▶ _PROBLEM TO WORK ON_:
Skip all pictures, then copy the lines from the start of the data through the line with "Hier finden Sie", keeping both ends.
───── INPUT FOR THIS TASK
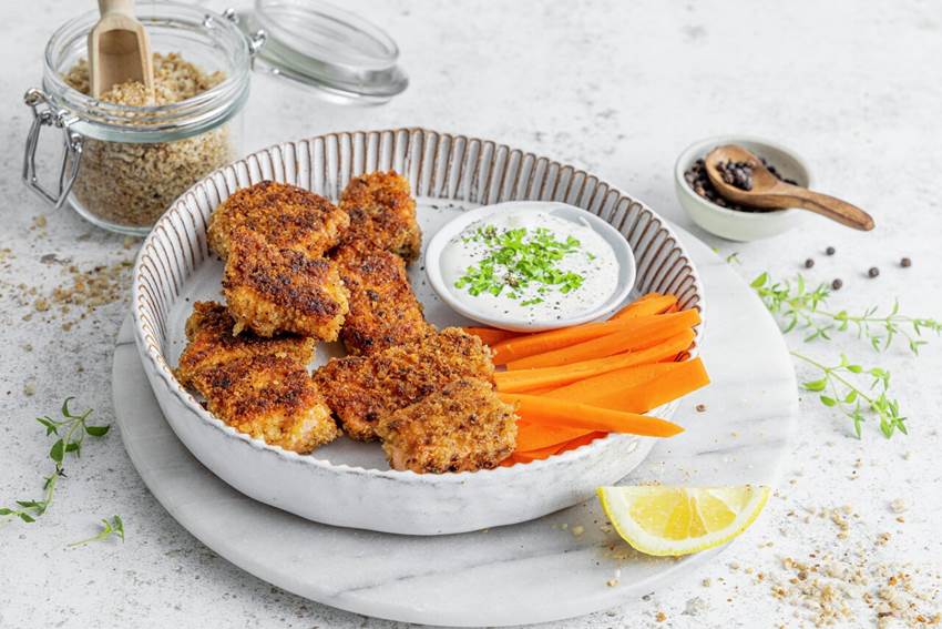 - Vend laksebitene først i egg, så i brødsmuler, slik at de er panerte på alle sider.
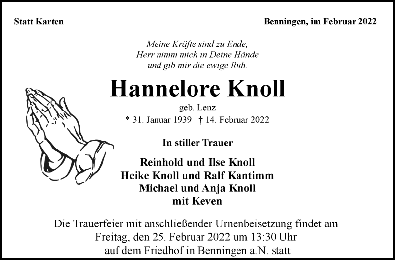 Hier finden Sie alle Traueranzeigen aus der Zeitung, die bisher für Hannelore Knoll erschienen sind. Weitere Traueranzeigen, die in der Zeitung erscheinen, werden hier ebenfalls aufgelistet
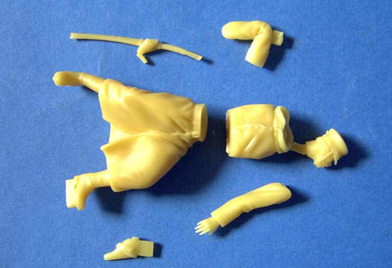 Die Teile sind allesamt dehr fein und detailiert gegossen, ohne jegliche Luftblasen. Auch Angüsse sind angenehm wenig zu finden. Der Faltenwurf des Mantels finde ich besonders gut gelungen wie auch den hochstehenden Kragen. Auch der Kopf mit der Mütze ist gut gemacht.
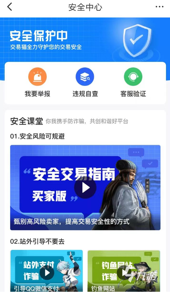 3、為了提高買賣雙方對交易的安心程度,平臺內(nèi)還為大家專門提供了一個安全中心,在這里大家可以瀏覽到相關(guān)的防騙教程,同時也可以舉報各種虛假的商品信息,讓玩家們進行深度的參與,同時會有效提升交易安全性。
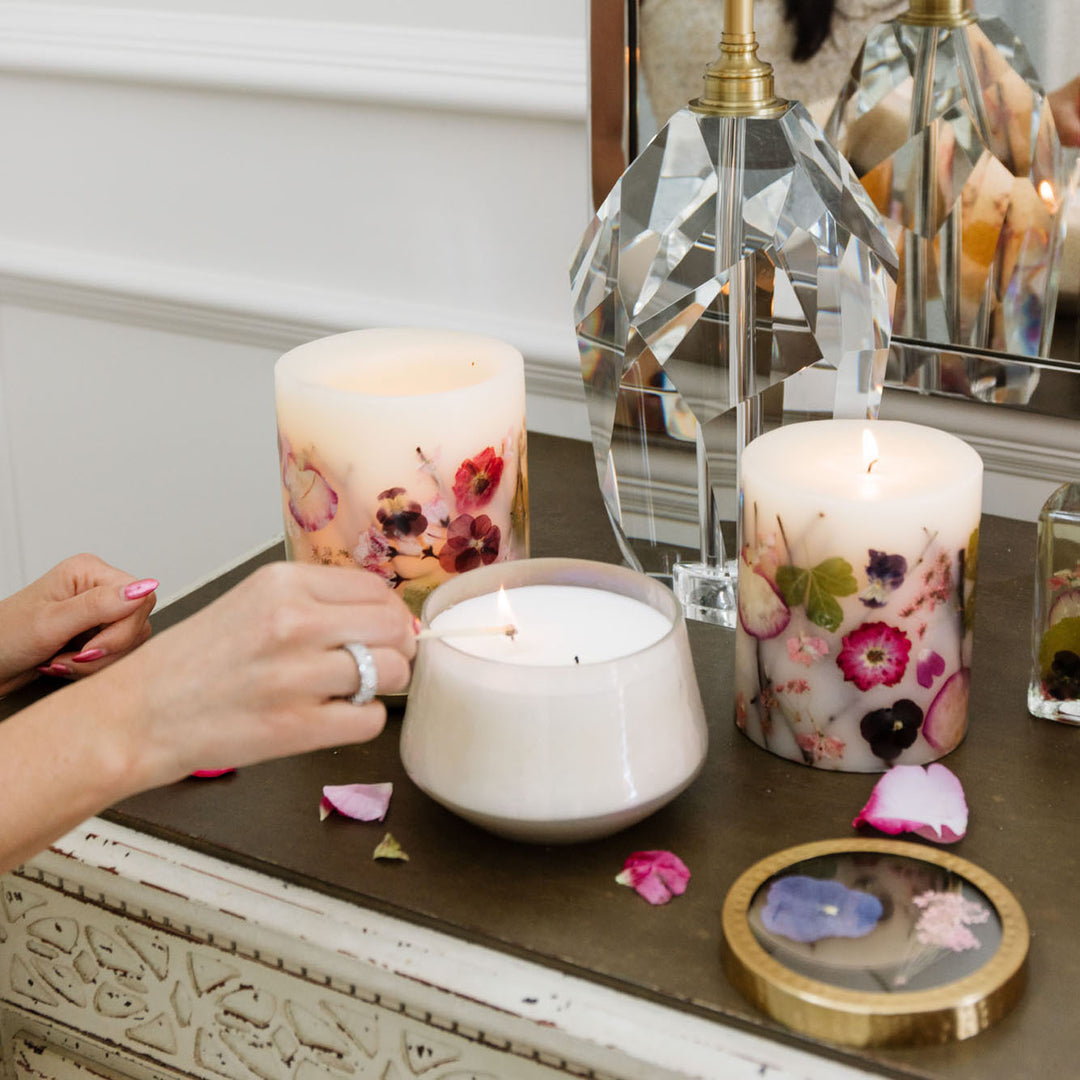 Explore the harmonious fusion of Rosy Rings' extraordinary fragrance expertise with Patricia Nash's timeless Italian-inspired designs and our renowned botanical craftsmanship with Rachel Parcell's elegant aesthetic.
──────────
▶ _SOLUTION TO THE PROBLEM_:
 - Vend laksebitene først i egg, så i brødsmuler, slik at de er panerte på alle sider.
 Hier finden Sie alle Traueranzeigen aus der Zeitung, die bisher für Hannelore Knoll erschienen sind. Weitere Traueranzeigen, die in der Zeitung erscheinen, werden hier ebenfalls aufgelistet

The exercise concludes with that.